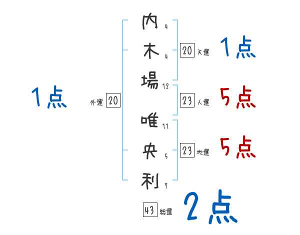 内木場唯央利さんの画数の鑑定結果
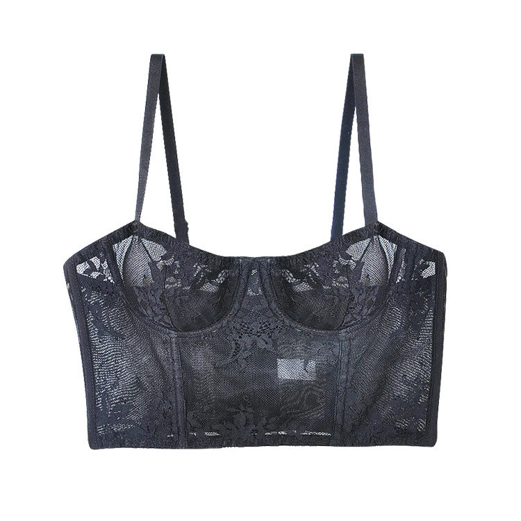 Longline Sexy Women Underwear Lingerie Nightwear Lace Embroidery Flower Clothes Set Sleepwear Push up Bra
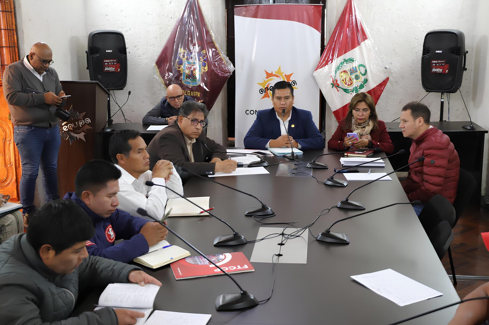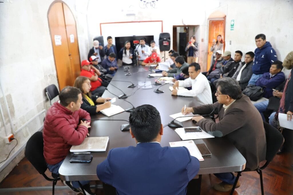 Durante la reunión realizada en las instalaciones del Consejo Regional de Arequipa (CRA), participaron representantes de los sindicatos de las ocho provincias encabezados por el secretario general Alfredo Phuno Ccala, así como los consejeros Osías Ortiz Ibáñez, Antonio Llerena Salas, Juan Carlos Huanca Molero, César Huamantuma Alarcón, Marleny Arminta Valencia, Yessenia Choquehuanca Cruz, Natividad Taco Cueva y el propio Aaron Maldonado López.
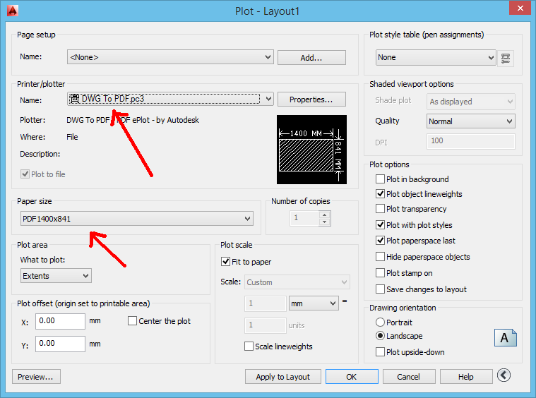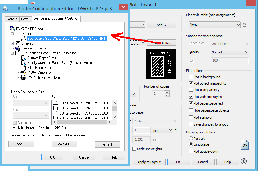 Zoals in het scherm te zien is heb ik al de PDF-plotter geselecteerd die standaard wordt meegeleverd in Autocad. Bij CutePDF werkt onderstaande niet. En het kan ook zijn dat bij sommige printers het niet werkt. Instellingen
==
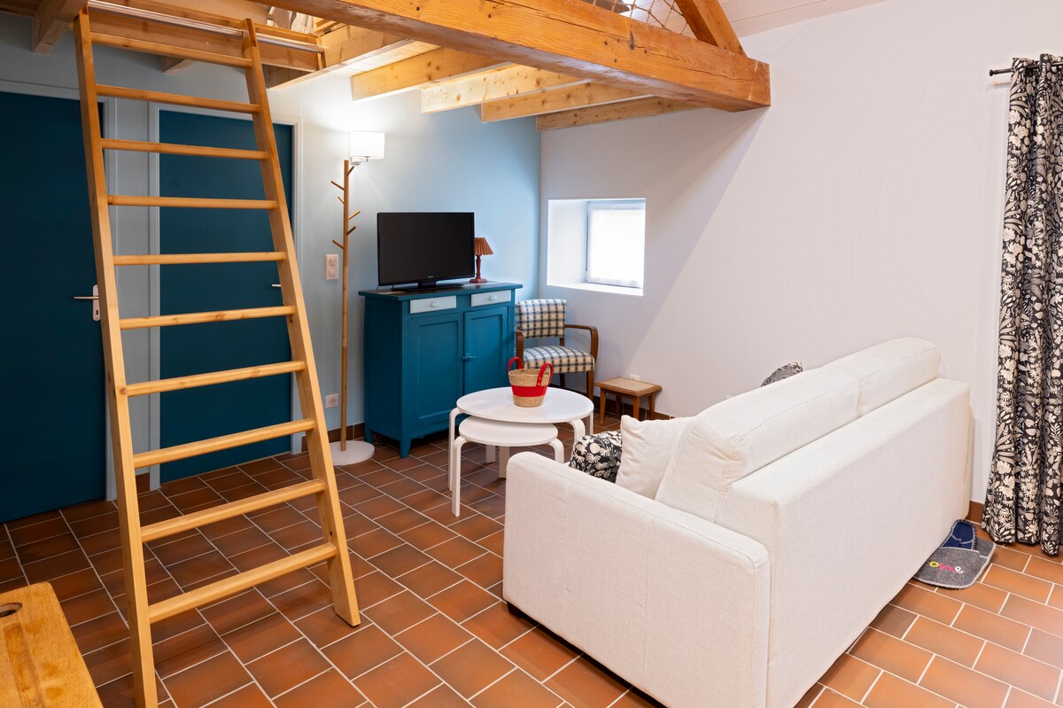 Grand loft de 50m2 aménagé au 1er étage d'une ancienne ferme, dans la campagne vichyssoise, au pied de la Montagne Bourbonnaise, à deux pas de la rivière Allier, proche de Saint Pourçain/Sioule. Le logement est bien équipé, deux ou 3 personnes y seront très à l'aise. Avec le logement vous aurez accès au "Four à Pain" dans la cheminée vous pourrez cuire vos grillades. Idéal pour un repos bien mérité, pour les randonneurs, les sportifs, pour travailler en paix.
---
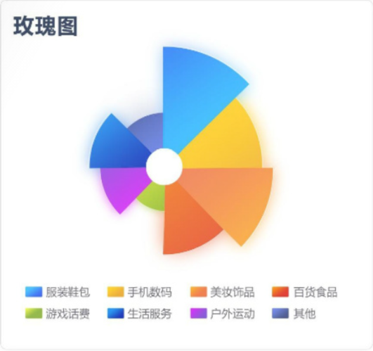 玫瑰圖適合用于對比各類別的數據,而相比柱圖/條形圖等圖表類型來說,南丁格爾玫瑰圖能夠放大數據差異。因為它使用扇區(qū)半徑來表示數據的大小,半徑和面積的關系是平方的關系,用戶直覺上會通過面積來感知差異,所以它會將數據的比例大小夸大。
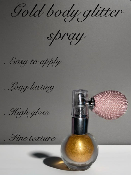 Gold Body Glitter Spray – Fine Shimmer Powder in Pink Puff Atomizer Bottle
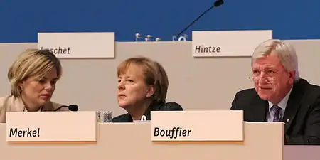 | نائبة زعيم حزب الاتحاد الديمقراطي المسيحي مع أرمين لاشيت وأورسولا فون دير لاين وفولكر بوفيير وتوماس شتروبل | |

__The problem__: Starting at the line above that has "Longline Sexy Women" and ending at the line that has "Zoals in het", copy each line exactly, leaving the pictures out and adding nothing.

__Output below__:
 Longline Sexy Women Underwear Lingerie Nightwear Lace Embroidery Flower Clothes Set Sleepwear Push up Bra
 Durante la reunión realizada en las instalaciones del Consejo Regional de Arequipa (CRA), participaron representantes de los sindicatos de las ocho provincias encabezados por el secretario general Alfredo Phuno Ccala, así como los consejeros Osías Ortiz Ibáñez, Antonio Llerena Salas, Juan Carlos Huanca Molero, César Huamantuma Alarcón, Marleny Arminta Valencia, Yessenia Choquehuanca Cruz, Natividad Taco Cueva y el propio Aaron Maldonado López.
 Zoals in het scherm te zien is heb ik al de PDF-plotter geselecteerd die standaard wordt meegeleverd in Autocad. Bij CutePDF werkt onderstaande niet. En het kan ook zijn dat bij sommige printers het niet werkt. Instellingen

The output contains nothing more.